* What the task requires *
All lines in the records below from the line with "ورأس رئيس الحكومة" through the line with "把所需要的叶子和花全部放在一" are to be given again exactly, both ends included; the pictures are to be left out.

* Data listing *
───
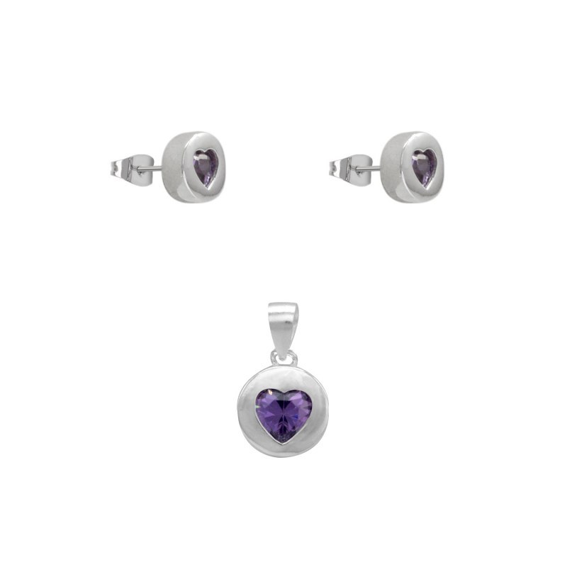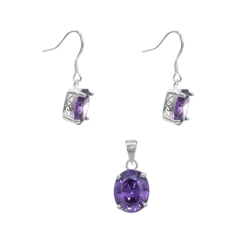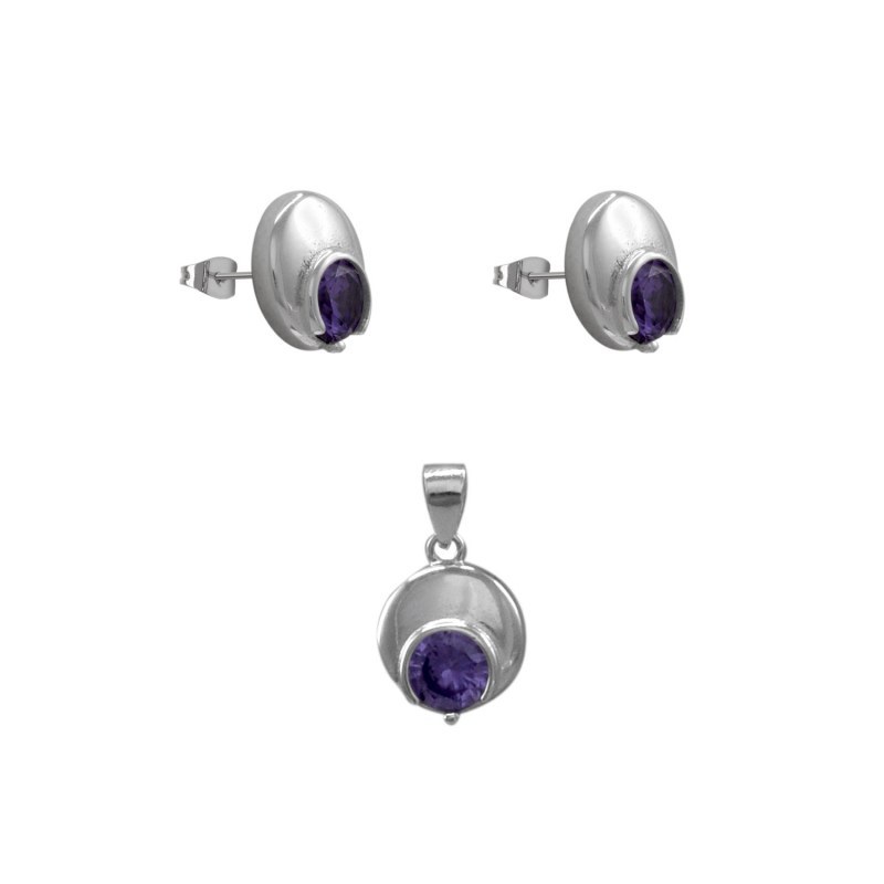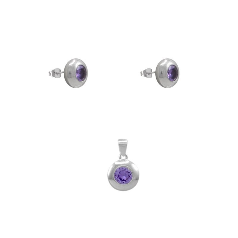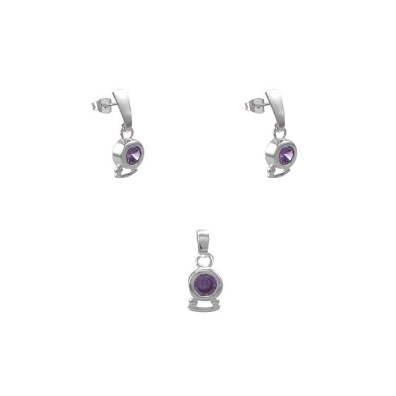 Set círculo con circón morado aros colgantes 12 diam:10 mm plata 925
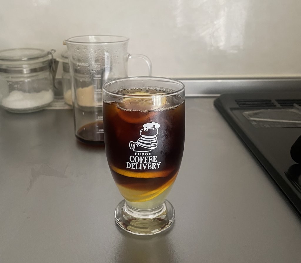 最近ハマってるレモンコーヒーです🍋グラスに自家製のレモンシロップとたっぷりの氷をいれ、少し薄めに淹れたコーヒーで割ります。今回は苦味を楽しみたかったので濃いめに淹れました◎
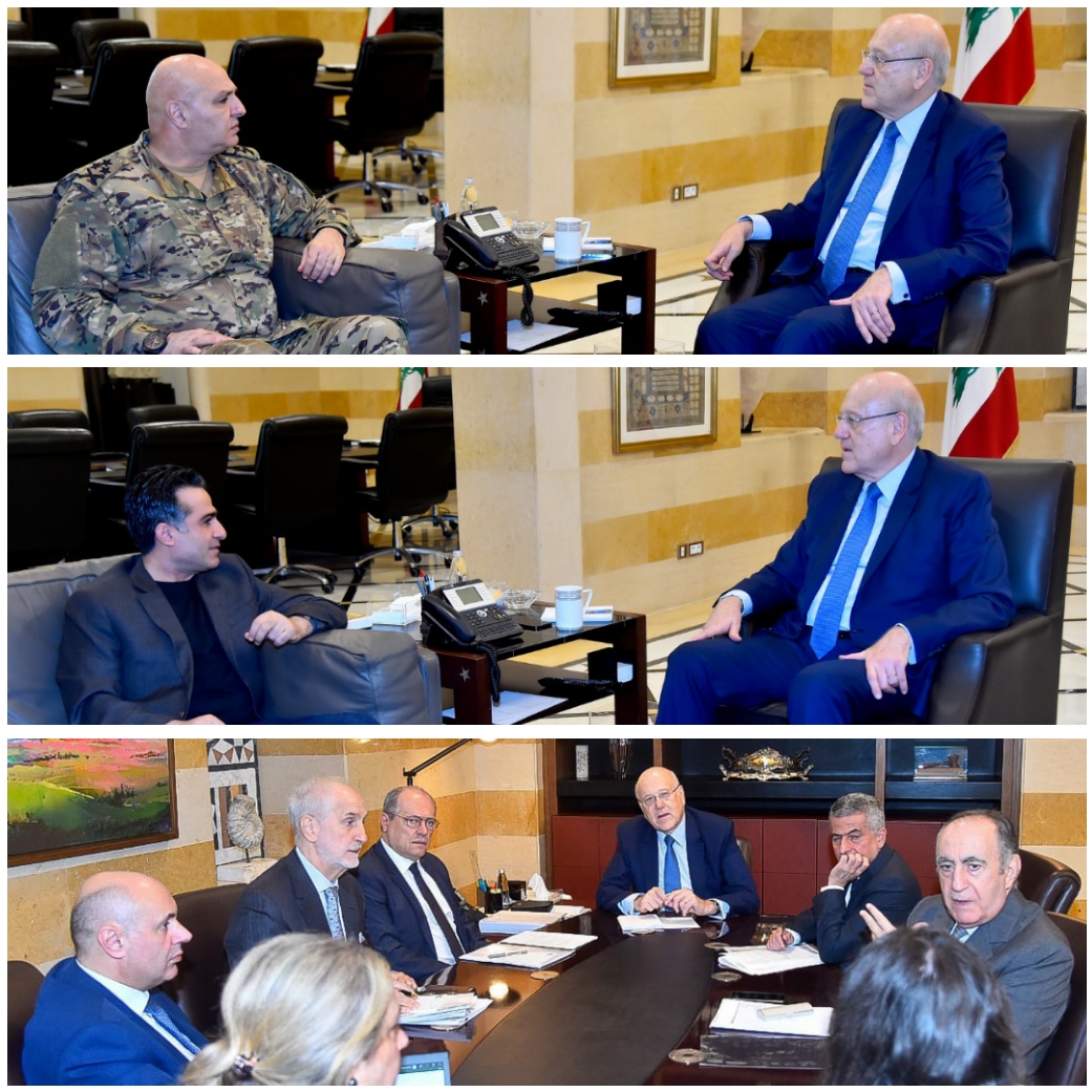 ورأس رئيس الحكومة اجتماعا ضم نائب رئيس الحكومة سعادة الشامي، وزير المال يوسف الخليل، المدير العام لوزارة المال جورج معرّاوي، ومستشار الرئيس ميقاتي الوزير السابق نقولا نحاس، والمستشار الاقتصادي سمير ضاهر.
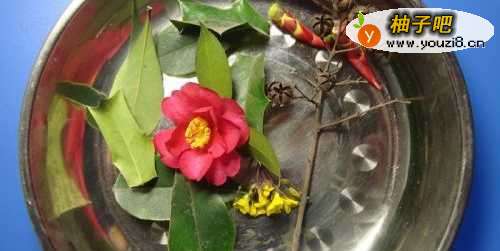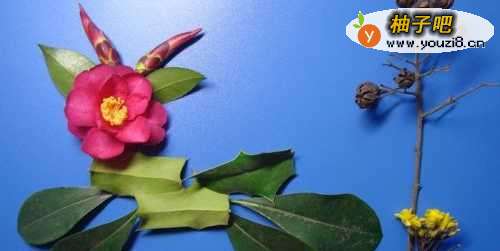 把所需要的叶子和花全部放在一个铁盘子里,这样在找花和叶时会比较方便。而且孩子在盘子里找素材时,花和叶也不会掉在地上造成损坏。
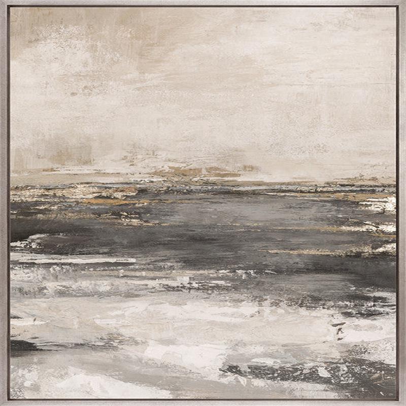 This winning abstract collection features layered textures and soft washes of ivory, sand, charcoal, and hints of gold. These pieces evoke misty landscapes and serene horizons with a sophisticated, organic palette and subtle metallic highlights.
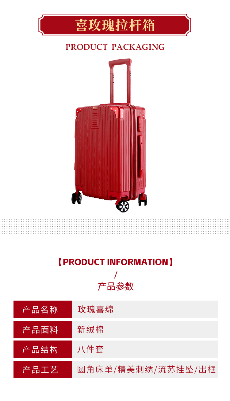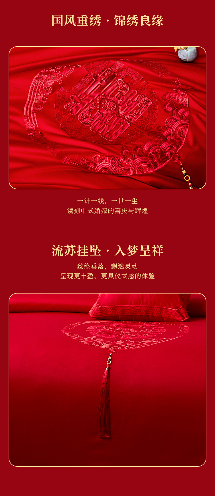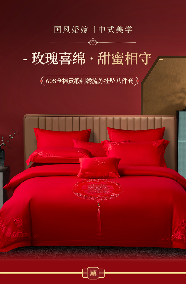 多喜爱 60S全棉贡缎刺绣流苏挂坠婚庆八件套 玫瑰喜绵 cs
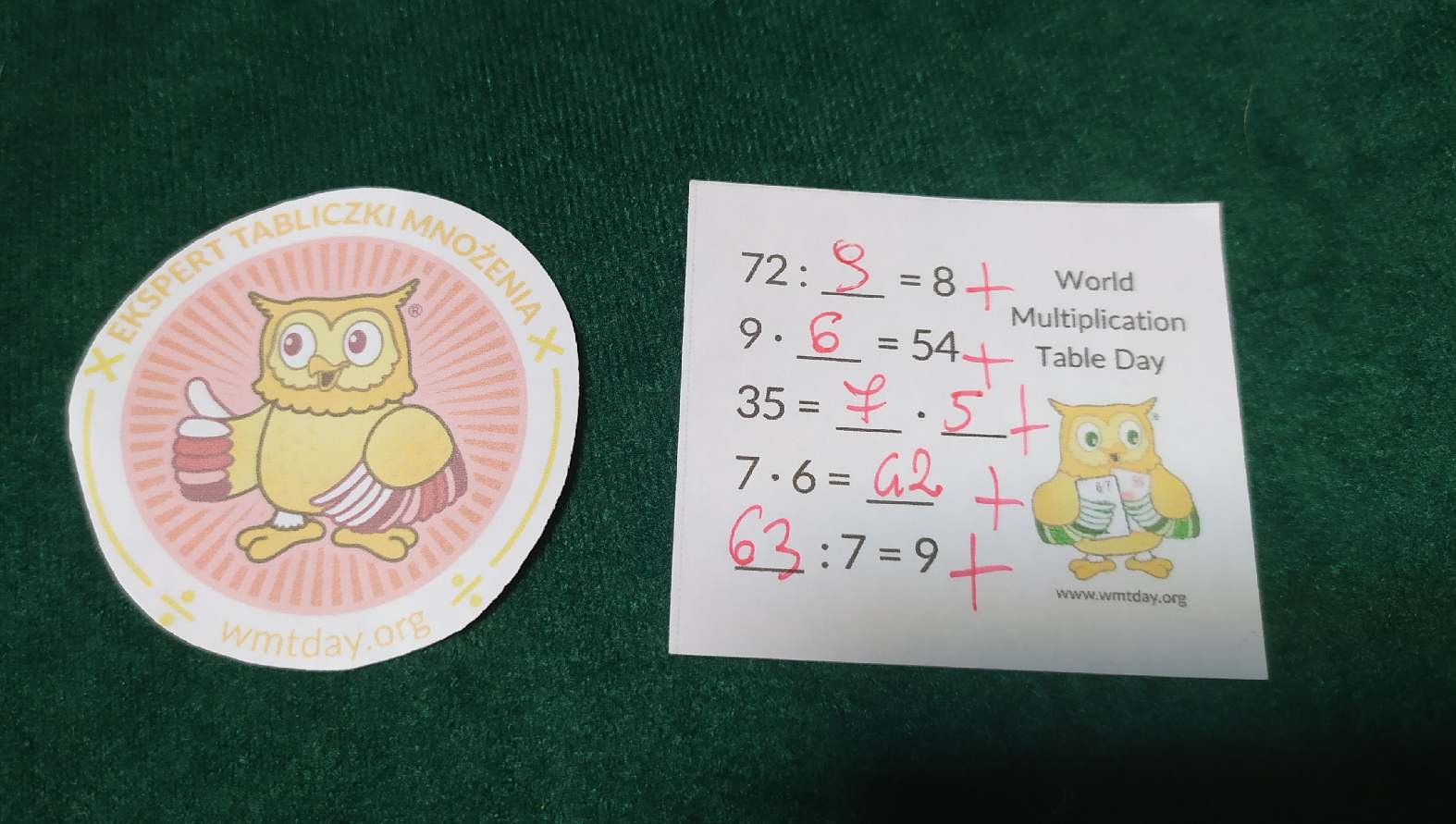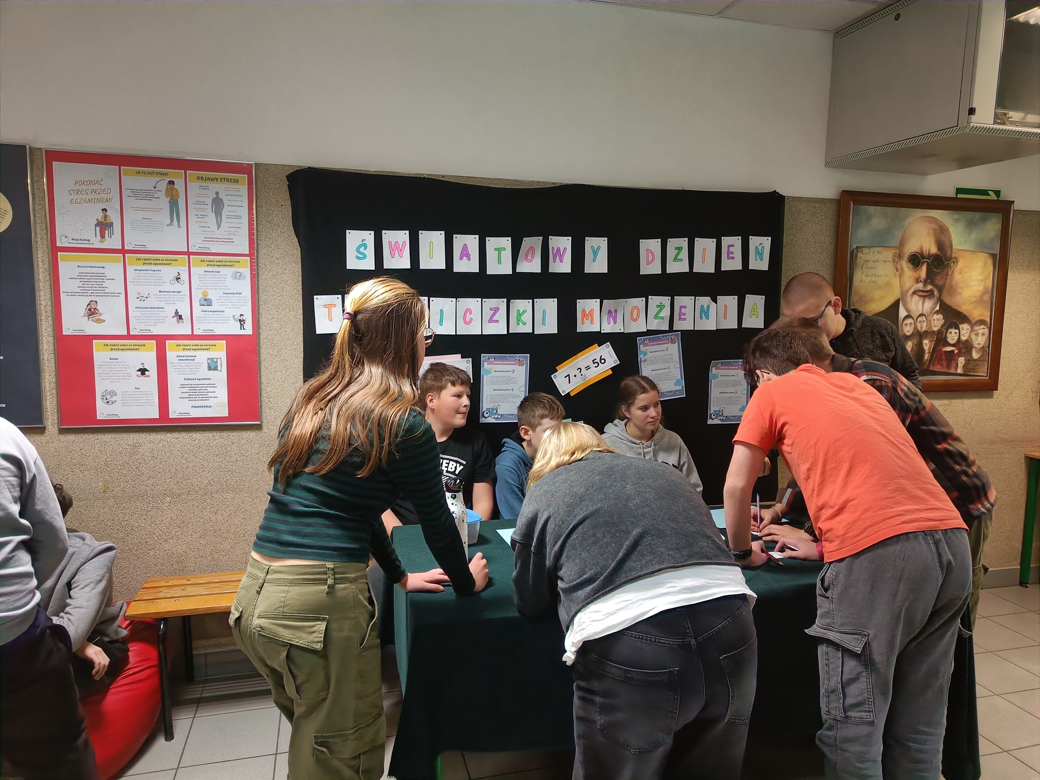 21 listopada 2025 obchodziliśmy Światowy Dzień Tabliczki Mnożenia. To jednodniowe święto matematyki jest dniem symbolicznym, który obchodzony jest w Polsce po raz piętnasty. Jest to akcja edukacyjna, która ma na celu zachęcić wszystkich do przypomnienia sobie tabliczki mnożenia. Z tej okazji uczniowie klasy 8a i 8b wcielili się w rolę egzaminatorów i sprawdzali znajomość tabliczki mnożenia wśród uczniów i nauczycieli naszej szkoły. Każdy uczestnik zabawy, który odpowiedział poprawnie na pięć losowych pytań z tabliczki mnożenia otrzymał odznakę Eksperta Tabliczki Mnożenia. Z przyjemnością informujemy, że niektórym uczniom udało się kilkukrotnie zdobyć odznakę.
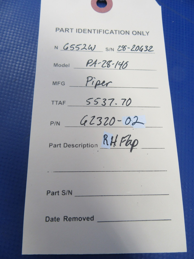 Piper PA-28-140 Cherokee RH Flap P/N 62320-02 / 62320-002. Convex Stiffeners. Minor dings, see photos. Removed from parted-out 1965 Piper PA-28-140 N6552W, S/N 28-20632. Aircraft TT 5537.70. Guaranteed to pass inspection or your money back.
───
* Solution for this exercise *
 ورأس رئيس الحكومة اجتماعا ضم نائب رئيس الحكومة سعادة الشامي، وزير المال يوسف الخليل، المدير العام لوزارة المال جورج معرّاوي، ومستشار الرئيس ميقاتي الوزير السابق نقولا نحاس، والمستشار الاقتصادي سمير ضاهر.
 把所需要的叶子和花全部放在一个铁盘子里,这样在找花和叶时会比较方便。而且孩子在盘子里找素材时,花和叶也不会掉在地上造成损坏。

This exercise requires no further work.